The agreement signed with the US Food and Drug Administration (FDA) will see Spaulding, an early-stage contract research organization (CRO), conduct a number of clinical trials assigned by the regulatory agency’s division of Applied Regulatory Science.
Under the agreement, Spaulding will be responsible for running the trials including providing the required support services, such as clinical trial recruitment, conduct, and laboratory assessments.

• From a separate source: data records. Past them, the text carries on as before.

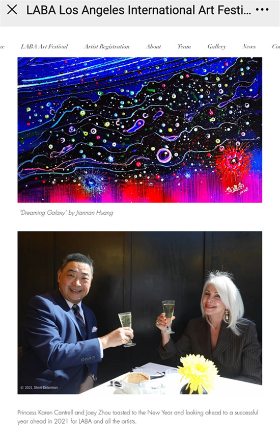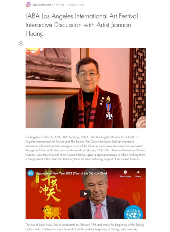 洛杉矶国际艺术节暨比佛利艺术线上展(简称LABA)给黄建南的礼遇,可谓接二连三,“好”得难以令人置信!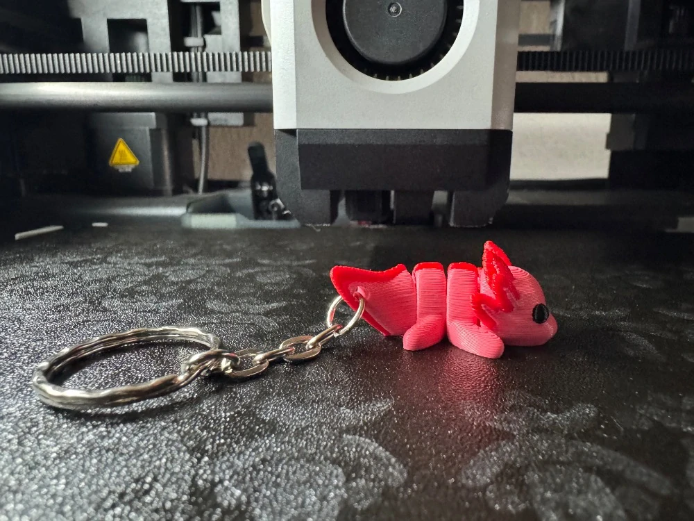 3D tištěná pohyblivá postavička axolotla z materiálu PLA.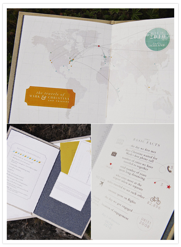 Their invites, designed by Sarah Hanks, were little books documenting not only the wedding festivities but also their story as a couple, a sweet poem by Cole Porter, and a few other travel essentials.

The trials will examine drug product candidates in ‘various therapeutic areas of interest’, with the company stating that “all [trials] address important regulatory science questions in today’s pharmaceutical market.”
Per the financial terms of the agreement, Spaulding will receive from the FDA $5m (€4.5m) for the first out of the five years covered in the contract, to conduct the trials at its 200-bed facility in the state of Wisconsin.
The agreement with the regulatory agency follows Spaulding’s previous collaborative work with the FDA on clinical trials, which began seven years ago. The aim of that partnership had as an aim the development of a screening model for prolongation of quality testing for new drug products.
This work as well as the publications that it resulted in, helped the company build a ‘productive partnership’ with the governmental agency, said Jay Mason, Spaulding’s chief medical officer.
The signing of the contract with the FDA comes only one month after Randy Spaulding, the company’s founder, stepped down from the role of the CEO to be succeeded by the as-yet COO, Cassandra Erato.
Commenting on the projected work, Erato said that the company is ‘perfectly suited’ to conduct these trials, since it holds the ‘right-sized’ project management and principal investigator team to achieve the requested goals.